> EXERCISE PROMPT
Omit the pictures, then reproduce exactly the line bearing "- Pair Rockville" and every line after it up to and including the last line of the entries below.

> RECORDS FOR PROCESSING
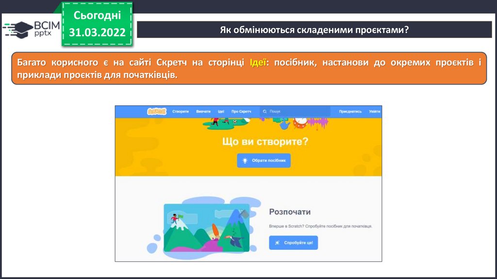 Багато корисного є на сайті Скретч на сторінці Ідеї: посібник, настанови до окремих проєктів і
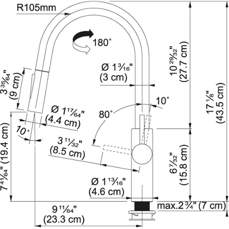 Auslaufmenge Normalstrahl: 7,5 l / min. Brausestrahl. 6,7 l/min (3 bar)
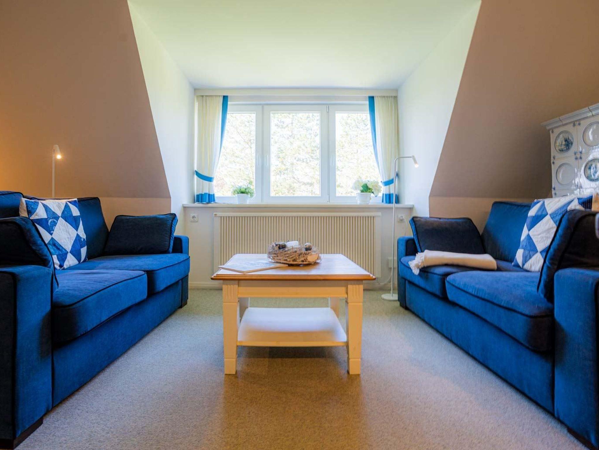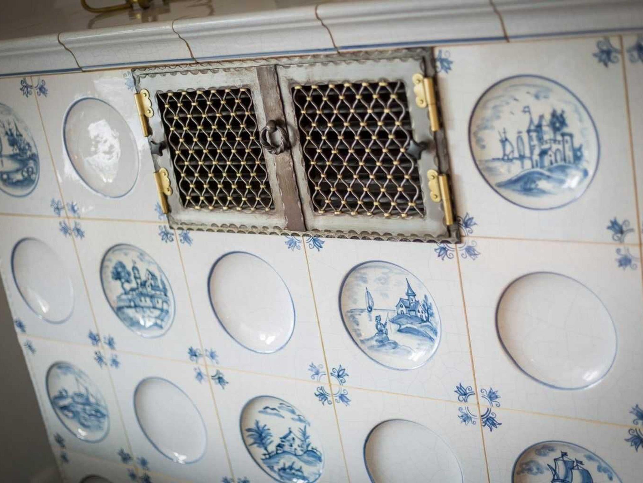 Behagliches Wohnzimmer mit 2 Sofas (jeweils 2er), kleiner Bibliothek, großem Zierofen mit klassischen Friesenkacheln und Esstisch mit uriger Eckbank für 3 Personen und 2 Stühlen.
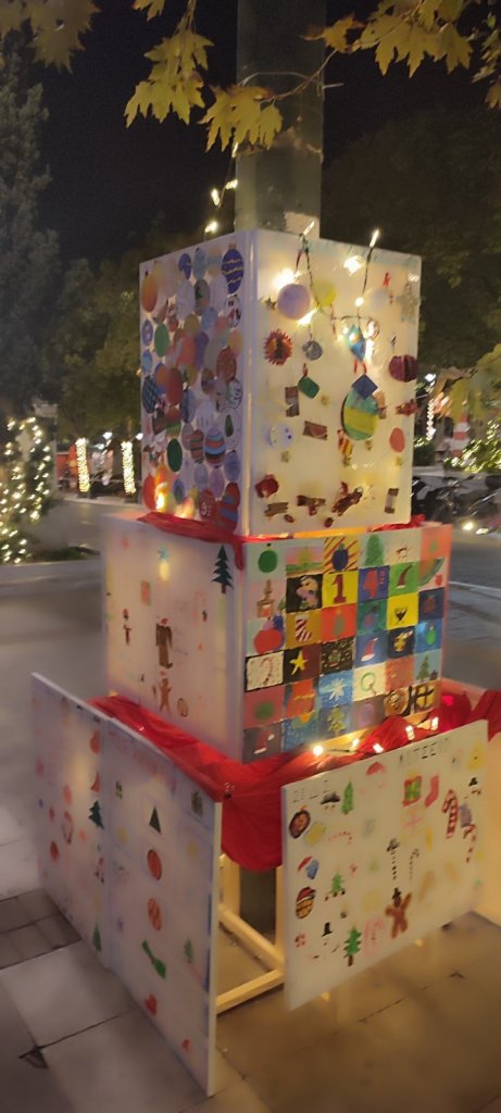 Οι μαθητές της ΣΤ τάξης των Δημοτικών Σχολείων του Χαλανδρίου, φιλοτέχνησαν σε καμβάδες χριστουγεννιάτικα στολίδια και δημιούργησαν ένα πολύχρωμο Χριστουγεννιάτικο δέντρο στην πλατεία της πόλης μας. Μια δράση που έγινε για πρώτη φορά! Ένα δέντρο φιλίας, συνεργασίας και ελπίδας, ζωγραφισμένο με φως και αγάπη! Έτσι, με τη στήριξη της Ένωσης Συλλόγου Γονέων, μαθητές, εκπαιδευτικοί και γονείς μεταδίδουν, με τον καλύτερο τρόπο, το μήνυμα των Χριστουγέννων!
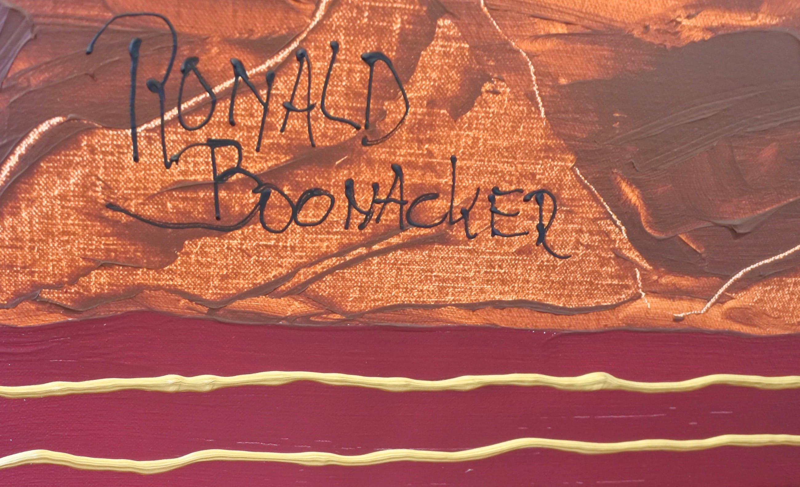 Prachtig schilderij met heldere pigmenten. Zon is 22 krt bladgoud. Diverse gedeeltes van het schilderij zijn met dikke lagen acryl aangebracht. Het luxe linnen-canvas is opgespannen op een houten/aluminium frame, daardoor kan het frame niet kan kromtrekken. Er is een staaldraad ophang systeem bevestigd. De zijkant is zwart geschilderd zodat het doek prachtig strak aan de muur kan hangen. Beeldformaat: 1 meter x 1 meter Gesigneerd links onder. CERTIFICAAT VAN ECHTHEID VAN KUNSTENAAR WORDT BIJGELEVERD. Het is schilderij is uitsluitend af te halen in Amsterdam of per Swiftkoerier te laten bezorgen (zie tarieven).
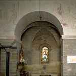 Parochiekerk Sint-Anna: interieur, muurschildering, algemeen zicht van rondboog met muurschilderingen 'Sint-Barbara, Sint-Margaretha'
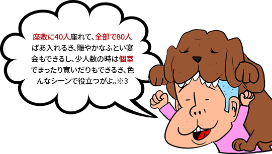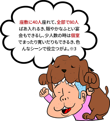 ※3【土佐弁】座敷に40人座れて、全部で80人ばあ入れるき、賑やかなふとい宴会もできるし、少人数の時は個室でまったり寛いだりもできるき、色んなシーンで役立つがよ。
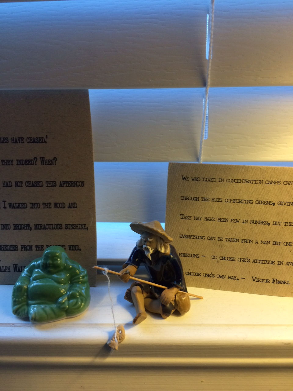 Buddha guards some work of Ralph Waldo Emerson, just as a fisherman patiently watches over Viktor Frankl.
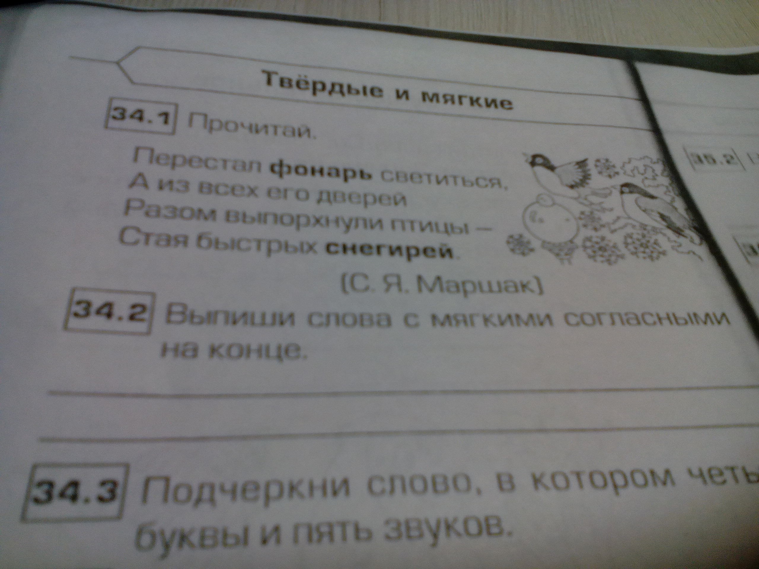 34.2 - фонарь, светиться, дверей, выпорхнули, снегирей.
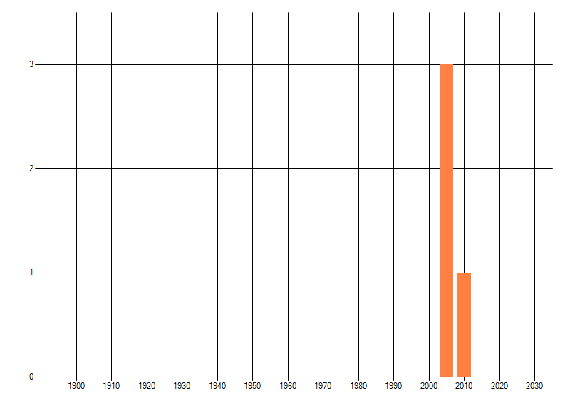 Het aantal atlasblokken (5x5 km) waarin de soort is gemeld binnen een periode van vijf jaar (vanaf 1980) of twintig jaar. Niet gecorrigeerd voor waarnemersinspanning en het aantal doorgegeven waarnemingen kan sterk variëren per periode, dus een trend in verspreiding kan hier niet direct uit worden afgelezen. Het opgegeven jaartal is het eerste jaar van de periode. Bron: gevalideerde waarnemingen uit de NDFF.
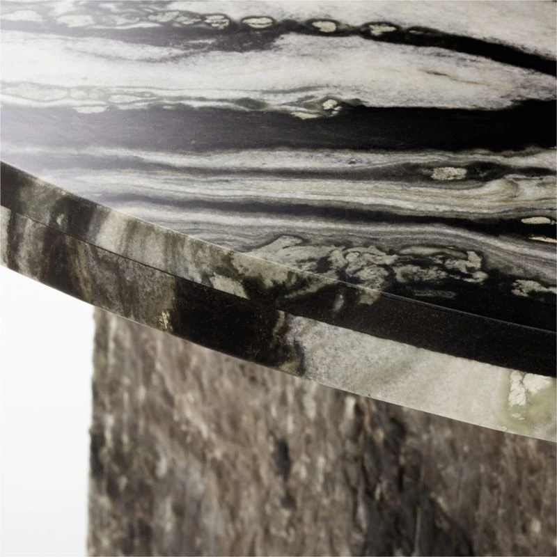 Graphic black and white Spider Marble with subtle green undertones defines this oval statement dining table by Brett Beldock. Half-cylinder legs are hand-chiseled on the outside for a raw finish. Legs may continue to chip over time, only adding to the beauty and uniqueness of the table. Honed marble tops the piece. CB2 exclusive.
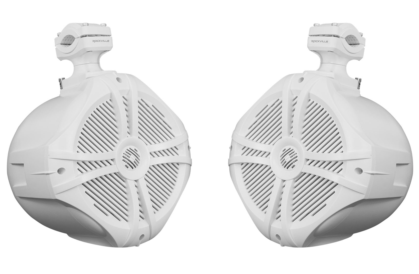 - Pair Rockville RWB90W White 8" 300w Marine Wakeboard 360° Swivel Tower Speakers
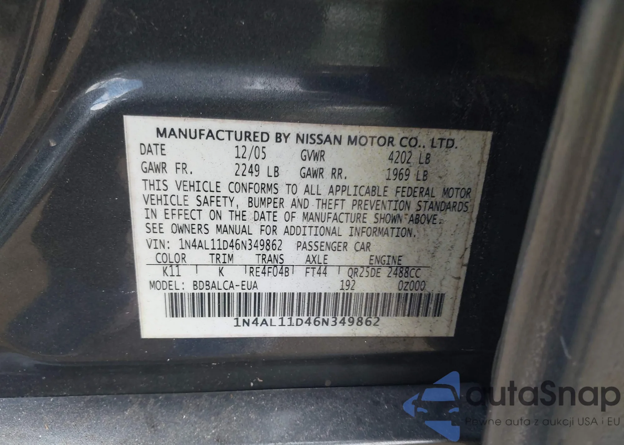 VIN: 1N4AL11D46N349862
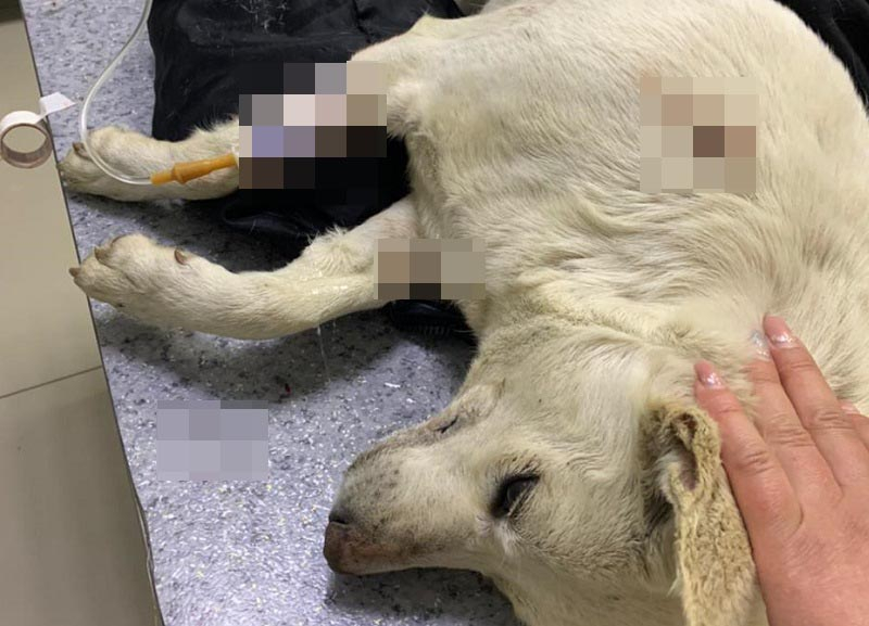 Пса доставили в ветклинику. Судя по ране, неизвестные подстрелили собаку дротиком. В полиции ситуацию не комментировали.
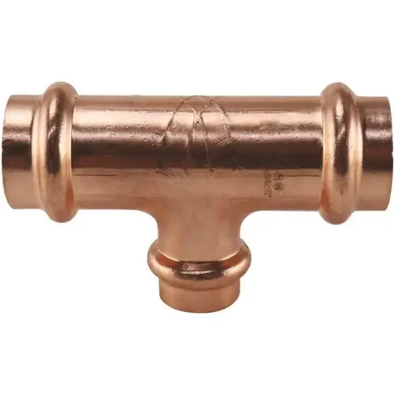 The 3/4 in. x 3/4 in. x 1/2 in. Copper Press Reducing Tee copper press fitting is NSF Listed, lead free and features a robust EPDM O-ring to ensure a clean leak free seal. Copper press fittings are designed for mechanical connection to ASTM B88-Type K, L and M copper tubing in hard drawn condition. Utilizing a hydraulic press tool, a watertight seal can be made in seconds without no flame, solder or flux. Each press fitting comes standard with leak before press technology to easily identify a fitting that has not been pressed. Connections can be made in wet or dry conditions reducing project downtime. These fittings are available in sizes from 1/2 in. to 1 in. and are compatible with all major hydraulic press tools.
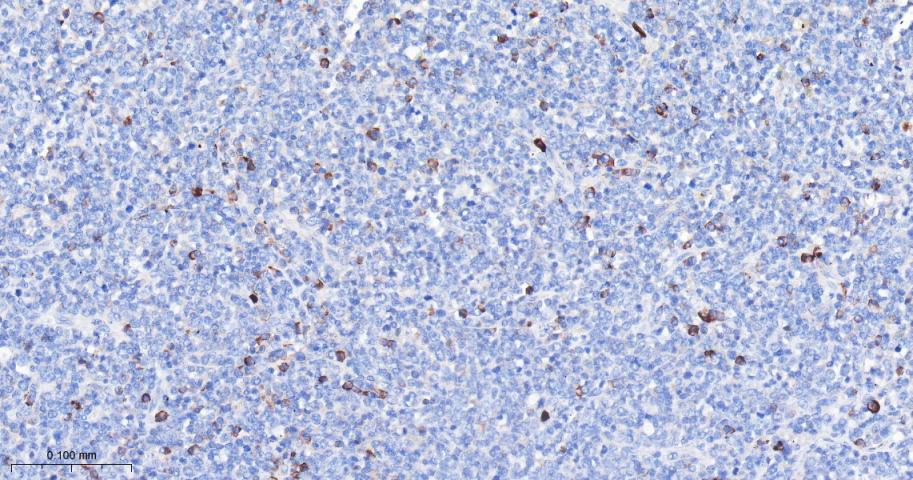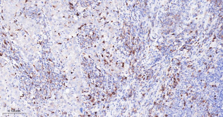 Paraformaldehyde-fixed, paraffin embedded Human Lymph; Antigen retrieval by boiling in sodium citrate buffer (pH6.0) for 15 min; Antibody incubation with cIAP1 Monoclonal Antibody, Unconjugated(bsm-61518R) at 1:200 overnight at 4°C, followed by conjugation to the bs-0295G-HRP and DAB (C-0010) staining.

> TASK RESPONSE
 - Pair Rockville RWB90W White 8" 300w Marine Wakeboard 360° Swivel Tower Speakers
 VIN: 1N4AL11D46N349862
 Пса доставили в ветклинику. Судя по ране, неизвестные подстрелили собаку дротиком. В полиции ситуацию не комментировали.
 The 3/4 in. x 3/4 in. x 1/2 in. Copper Press Reducing Tee copper press fitting is NSF Listed, lead free and features a robust EPDM O-ring to ensure a clean leak free seal. Copper press fittings are designed for mechanical connection to ASTM B88-Type K, L and M copper tubing in hard drawn condition. Utilizing a hydraulic press tool, a watertight seal can be made in seconds without no flame, solder or flux. Each press fitting comes standard with leak before press technology to easily identify a fitting that has not been pressed. Connections can be made in wet or dry conditions reducing project downtime. These fittings are available in sizes from 1/2 in. to 1 in. and are compatible with all major hydraulic press tools.
 Paraformaldehyde-fixed, paraffin embedded Human Lymph; Antigen retrieval by boiling in sodium citrate buffer (pH6.0) for 15 min; Antibody incubation with cIAP1 Monoclonal Antibody, Unconjugated(bsm-61518R) at 1:200 overnight at 4°C, followed by conjugation to the bs-0295G-HRP and DAB (C-0010) staining.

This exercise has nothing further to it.